In deze zaak heeft de Rechtbank Den Haag op 15 augustus 2023 uitspraak gedaan in de zaken NL23.22039 en NL23.22392, waarbij de rechtbank zich boog over de verlenging van de maatregel van bewaring van een Marokkaanse vreemdeling. De vreemdeling was op 2 februari 2023 in bewaring gesteld op grond van artikel 59, eerste lid, aanhef en onder a, van de Vreemdelingenwet 2000. Eerdere beroepen tegen het opleggen of voortduren van deze maatregel waren ongegrond verklaard. Op 26 juli 2023 heeft de Staatssecretaris van Justitie en Veiligheid de maatregel van bewaring met maximaal twaalf maanden verlengd. De vreemdeling heeft hiertegen beroep ingesteld, dat door de rechtbank is opgevat als een beroep tegen het voortduren van de maatregel.

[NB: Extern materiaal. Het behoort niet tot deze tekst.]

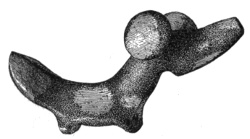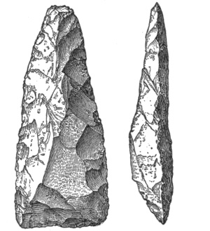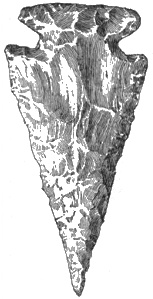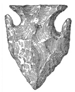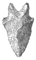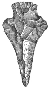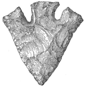 According to Dr. E. B. Tylor, the flint arrows of the Dakota, the Apache, or the Comanche might easily be mistaken for the weapons dug up on the banks of the Thames;1 while cores of flint in Scandinavia and of obsidian in Mexico are exactly alike,2 and a tray filled with European arrowheads can not be distinguished from a tray of American ones.3 Prof. Otis T. Mason observes that the great variety of form in such weapons after they are finished is due partly to nature and partly to the workman’s desire to produce a certain kind of implement. All sorts of pebbles lie at the hand of the savage mechanic, none of them just what he wants. He selects the best.4 Perhaps the truth about the shape is that the savage found it thus and let it so remain.5 59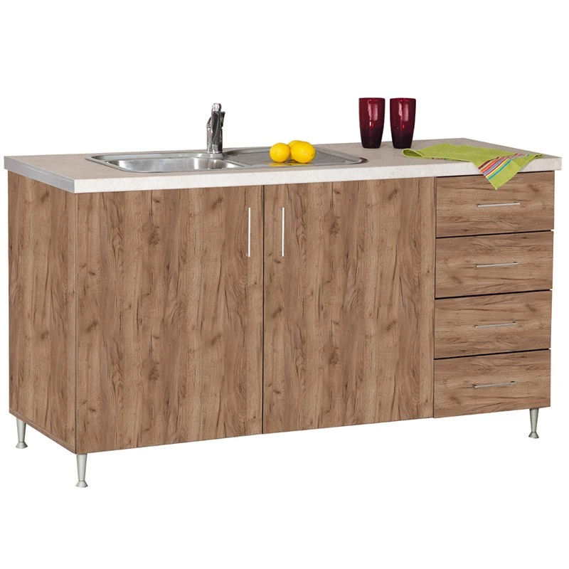 Ντουλάπι Ξύλινο Με Νεροχύτη 2φυλλο Με 4 Συρτάρια 152x60x85εκ

De rechtbank heeft op 11 augustus 2023 de zaak behandeld, waarbij de gemachtigde van de vreemdeling en de gemachtigde van de verweerder aanwezig waren. De rechtbank heeft vastgesteld dat de vreemdeling onvoldoende meewerkt aan zijn uitzetting en dat er zicht op uitzetting bestaat, omdat de Marokkaanse autoriteiten zijn benaderd voor een vervangend reisdocument. De rechtbank oordeelt dat de verlenging van de maatregel van bewaring rechtmatig is, omdat de gronden voor bewaring deugdelijk zijn gemotiveerd en de vreemdeling niet actief meewerkt aan zijn vertrek.

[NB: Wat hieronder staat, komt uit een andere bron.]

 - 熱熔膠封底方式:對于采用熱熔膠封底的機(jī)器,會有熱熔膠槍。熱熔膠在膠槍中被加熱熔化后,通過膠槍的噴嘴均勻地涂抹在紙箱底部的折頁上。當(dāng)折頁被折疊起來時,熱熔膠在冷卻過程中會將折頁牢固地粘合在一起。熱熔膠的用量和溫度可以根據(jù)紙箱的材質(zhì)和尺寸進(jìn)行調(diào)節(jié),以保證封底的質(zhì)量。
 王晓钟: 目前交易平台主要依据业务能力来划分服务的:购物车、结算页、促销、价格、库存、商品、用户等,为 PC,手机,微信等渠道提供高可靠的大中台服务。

De rechtbank heeft beide beroepen ongegrond verklaard en het verzoek om schadevergoeding afgewezen. De uitspraak is gedaan door mr. N.M. van Waterschoot, rechter, en openbaar gemaakt door middel van geanonimiseerde publicatie op rechtspraak.nl. Tegen deze uitspraak kan hoger beroep worden ingesteld bij de Afdeling bestuursrechtspraak van de Raad van State, voor zover het betreft het verlengingsbesluit.